Berlinale 2019: Jayro Bustamante über „Temblores“ (Panorama)

Montag, 11.02.2019

Ein Interview mit dem guatemaltekischen Filmemacher über evangelikale und andere fundamentalistische Umtriebe in seinem Land

Diskussion

Sein Debütfilm „Ixcanul“ brachte dem guatemaltekischen Regisseur Jayro Bustamante 2015 auf Anhieb einen Silbernen Bären ein. Jetzt ist er mit einem neuen Film wieder in Berlin. „Temblores“ ("Erdbeben") erzählt von einem Familienvater, der sich in einen Mann verliebt und dafür Gattin und Kinder verlässt. Seine Familie und seine evangelikale Gemeinde versuchen ihn auf den Pfad der Tugend zurückzubringen.

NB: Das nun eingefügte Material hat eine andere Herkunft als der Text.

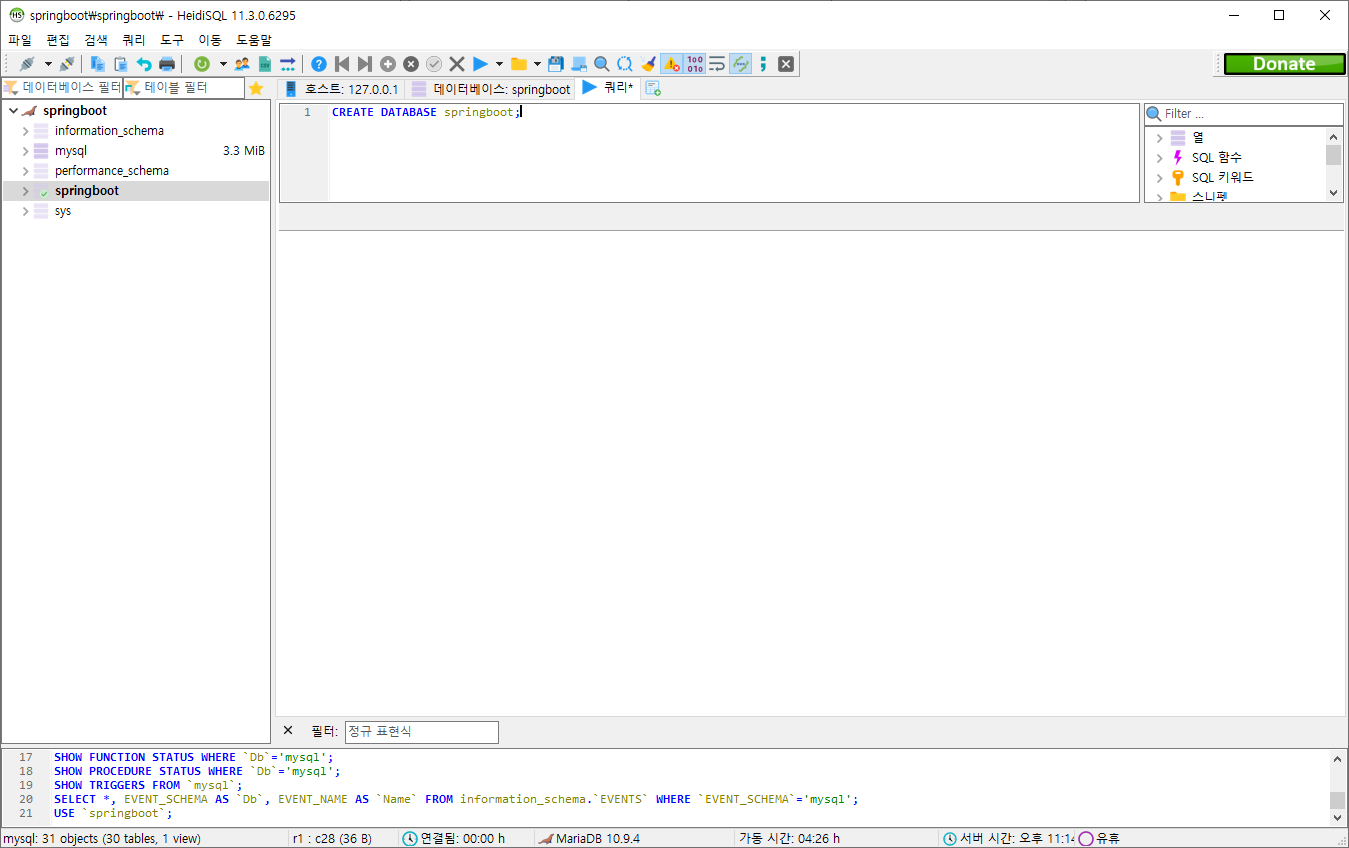 - 데이터 베이스 접속 시 기본으로 설정되는 데이터 베이스는 환경 설정 등의 정보를 담으므로 수정하지 않음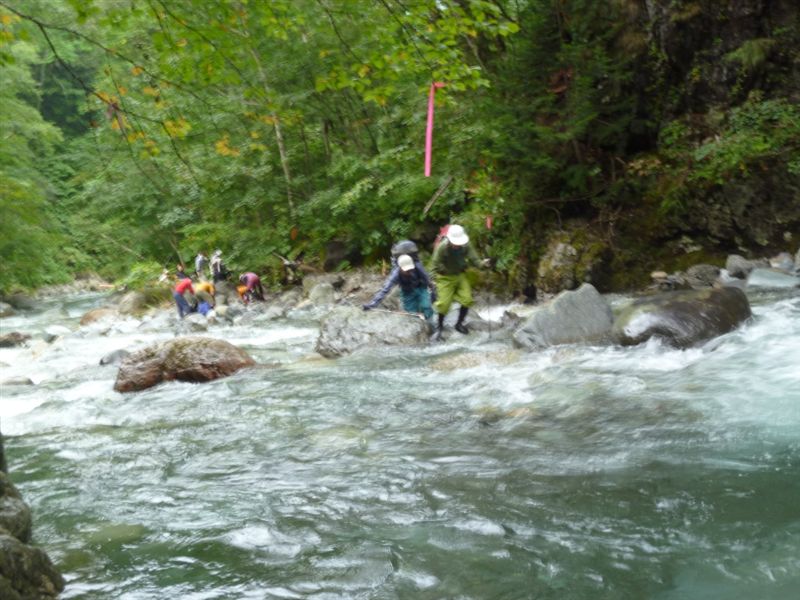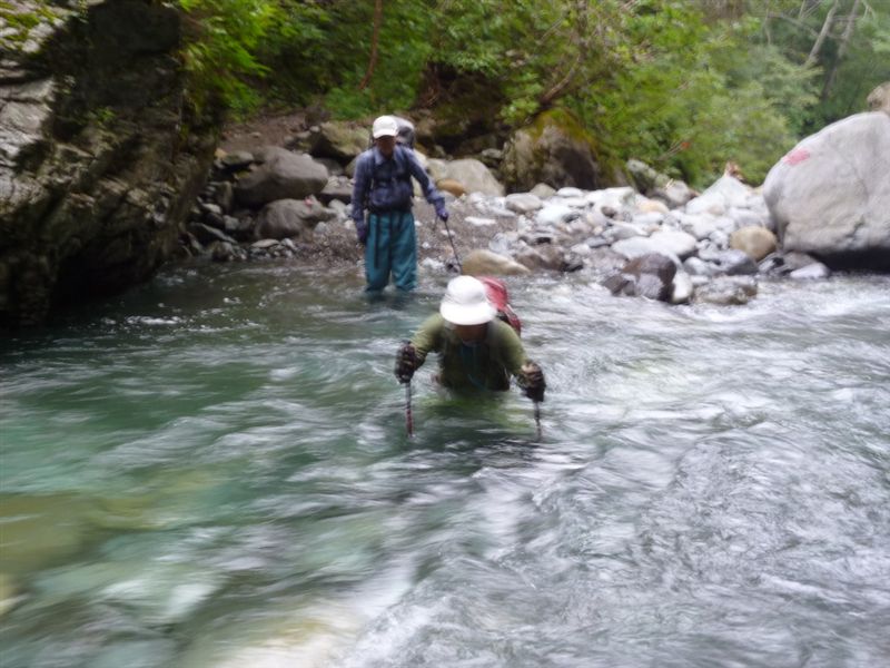4回目の渡渉点は腰の上程度までの水があり、流れが速く危険な状態。 河原の石に埋め込みボルトがあったのでザイルを出し、そこを基点に確保しながらの渡渉。写真がブレてい て、臨場感がありますね。ストックが激しい流れのためブルブル震えます。前に出す足も流れに流されてし まいます。必死に踏ん張って体勢を立て直してから次の一歩を出します。渡渉点には赤テープの目印が一応 あるが、テープがなかなか見つからないしテープが無いところも多く河原の石のもペンキなどの指示が無い 。河原にもルートの指示が無く、北アルプスなどと比べると全く何も整備されていないそうだ。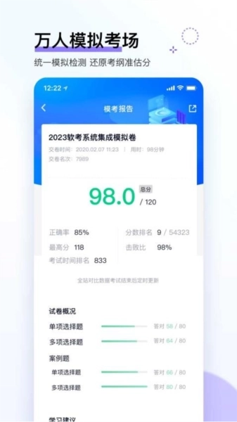 在线参与模拟考试,获取个人考试的具体分数信息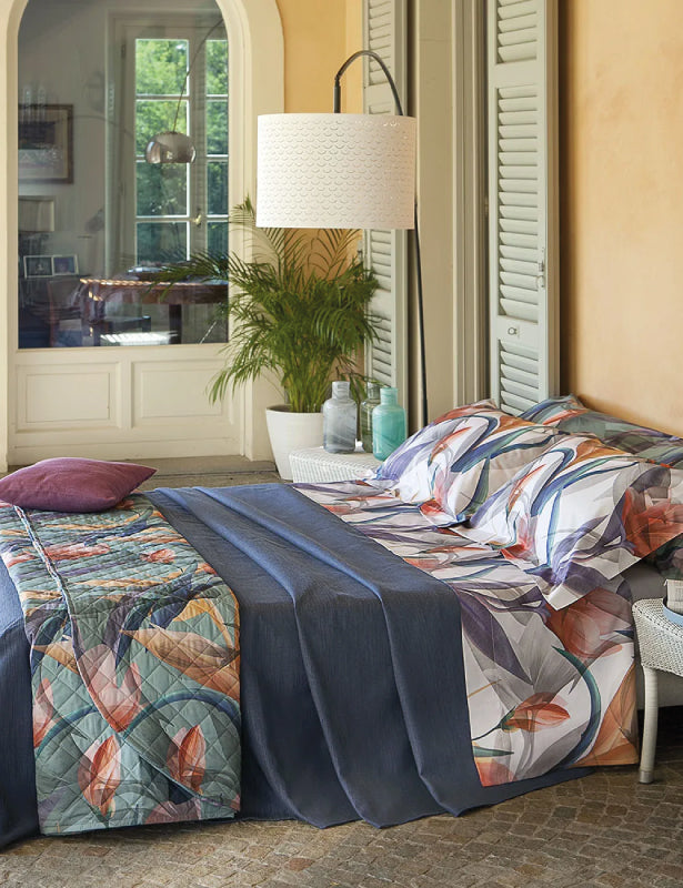 Trapunta realizzata in percalle di cotone 200 T.C. stampato in digitale con motivi floreali esaltati dalla trapuntatura a rombi e rifinita a mano con angoli stondati. Vesti la tua camera da letto con lo stile e la qualità inconfondibile di Tessitura Randi.

Der Film handelt von einem Menschen, der mit den strengen moralischen Vorstellungen seiner evangelikalen Gemeinde in Konflikt kommt. Welchen gesellschaftlichen Stellenwert besitzt der christliche Fundamentalismus in Guatemala?

Jayro Bustamante: Die Evangelikalen haben einen gewaltigen Einfluss. Selbst Präsidentschaftskandidaten, die bis dahin nicht als besondere religiöse Menschen aufgefallen sind, werden ab dem Moment, an dem ihre Kandidatur feststeht, superreligiös, weil das sich im Wahlkampf gut verkauft. Wenn man in ein Taxi steigt, fängt der Fahrer gleich zu predigen an und seinen Glauben zu bekennen, weil das in der Gesellschaft wieder wichtig geworden ist. Ganz neu ist das in Guatemala aber nicht. Der letzte Diktator, Ríos Montt, der wegen Völkermord verurteilt wurde, erhielt in den USA eine Ausbildung als Prediger. Das führte dazu, dass sich die evangelikalen Gemeinschaften der militärischen und politischen Macht anschlossen.